__WHAT YOU HAVE TO DO__. Only the lines from the start of the data through the line containing "在广东工业实训中心SMT专业" should be written out, exactly as they are, with both ends included and the pictures left out.

————

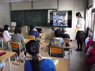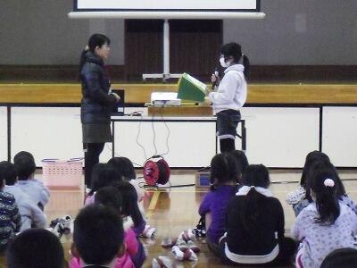 最終日の21日には、多目的ホールで、下級生を楽しませる「ジャンケン列車」や「県名のビンゴゲーム」など、いろいろなゲームを教えてくださいました。
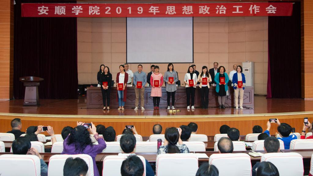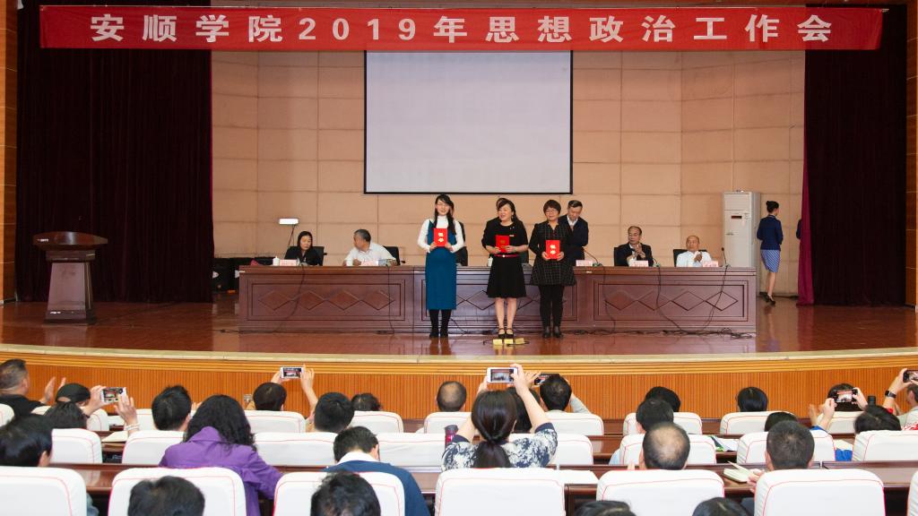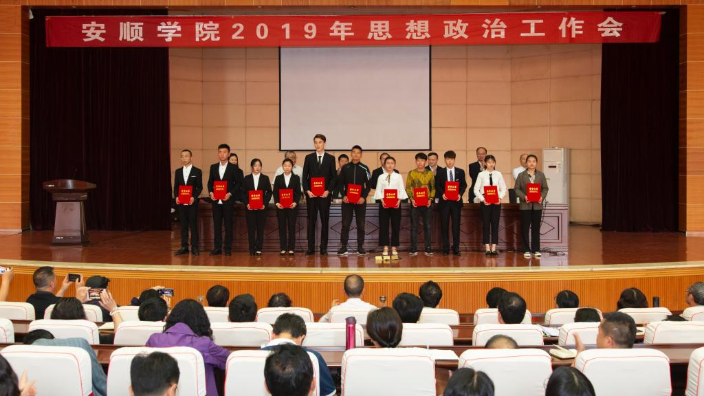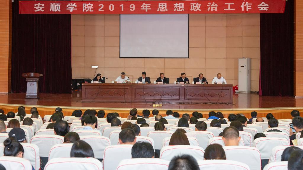 2019年4月29日下午,安顺学院2019年思想政治工作会在学术报告厅隆重召开。安顺学院党委书记罗荣彬,校长吴次南,党委副书记陶文彩,副校长顾名宇、令狐荣涛、郭本华,纪委书记蔡红英,党委各工作部门、大学生思想政治教育工作领导小组和学生工作领导小组各成员部门、各二级学院班子成员,学工部(学生处、武装部)、招就处、学生资助管理中心、团委全体人员,思想政治理论课专职教师,专职组织员,一线专职辅导员、班主任,获奖教师,先进学生集体和优秀学生个人代表,校级学生组织或团体干部代表,各学院团总支、学生会学生干部代表和其他同学代表等参加会议。会议由吴次南校长主持。
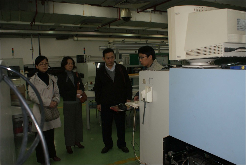 在广东工业实训中心SMT专业培训部计景春部长、戚宇恒老师的陪同下,曹主任一行首先参观了SMT培训基地。在SMT专业技术培训这一领域中,广东技术师范学院首当其冲,享誉全国,为SMT行业输送了几千个熟练的SMT专业技术人才,很多大公司比如富士康,诺基亚,西门子的技术高层都是从这里走出去的。然后,双方就SMT培训流程、培训经费等相关内容进行了深刻的探讨。最后,参观了机器人、电工电子、通信工程、视频中心、数控加工中心等实训室,戚宇恒老师详细了介绍各个实训室。
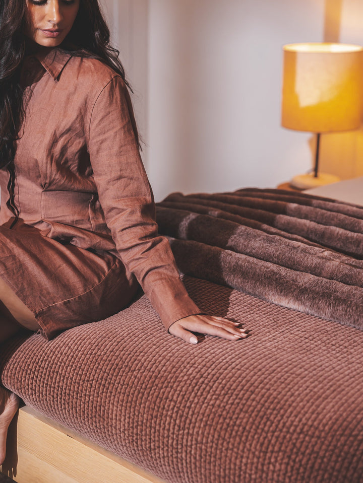 Luxuriously soft faux fur with frosted tips in jewel tones. Generously sized and fits up to a King bed.
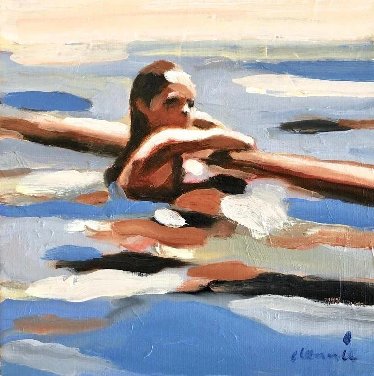 Then, over my right shoulder, a man on a raft of his own floated up to me. He seemed familiar somehow. Someone who knew us. He had dark hair, but I didn’t know who he was. Very calmly, without yelling, he told me, “Look over there.” When I did, I saw my daughter as a teenager, maybe 16 or 17, in a two-piece red bathing suit, straddling a surfboard and making her way towards the shore. Her hair was up in a curly ponytail on top of her head. She never heard me yell at all. She was just doing her thing! As far as dreams go, this isn’t particularly earth-shattering. It was very upsetting to me at first, but, unlike a “nightmare,” I was able to follow it through to its happy ending.
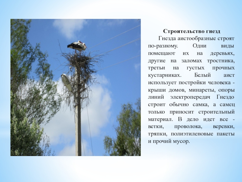 строят по-разному. Одни виды помещают их на деревьях, другие на заломах тростника, третьи на густых прочных кустарниках. Белый аист использует постройки человека - крыши домов, минареты, опоры линий электропередач Гнездо строит обычно самка, а самец только приносит строительный материал. В дело идет все - ветки, проволока, веревки, тряпки, полиэтиленовые пакеты и прочий мусор.
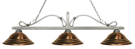 This contemporary three light fixture will complement any decor from traditional living spaces to modern game rooms. Finished in Antique Silver and paired with Stepped Antique Copper metal shades this fixture exudes a timeless class perfect for all of your lighting needs.
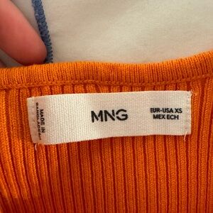 Sleeveless ribbed camisole. Deep V-neckline. Bold orange hue.

————

__TASK RESPONSE__.
 最終日の21日には、多目的ホールで、下級生を楽しませる「ジャンケン列車」や「県名のビンゴゲーム」など、いろいろなゲームを教えてくださいました。
 2019年4月29日下午,安顺学院2019年思想政治工作会在学术报告厅隆重召开。安顺学院党委书记罗荣彬,校长吴次南,党委副书记陶文彩,副校长顾名宇、令狐荣涛、郭本华,纪委书记蔡红英,党委各工作部门、大学生思想政治教育工作领导小组和学生工作领导小组各成员部门、各二级学院班子成员,学工部(学生处、武装部)、招就处、学生资助管理中心、团委全体人员,思想政治理论课专职教师,专职组织员,一线专职辅导员、班主任,获奖教师,先进学生集体和优秀学生个人代表,校级学生组织或团体干部代表,各学院团总支、学生会学生干部代表和其他同学代表等参加会议。会议由吴次南校长主持。
 在广东工业实训中心SMT专业培训部计景春部长、戚宇恒老师的陪同下,曹主任一行首先参观了SMT培训基地。在SMT专业技术培训这一领域中,广东技术师范学院首当其冲,享誉全国,为SMT行业输送了几千个熟练的SMT专业技术人才,很多大公司比如富士康,诺基亚,西门子的技术高层都是从这里走出去的。然后,双方就SMT培训流程、培训经费等相关内容进行了深刻的探讨。最后,参观了机器人、电工电子、通信工程、视频中心、数控加工中心等实训室,戚宇恒老师详细了介绍各个实训室。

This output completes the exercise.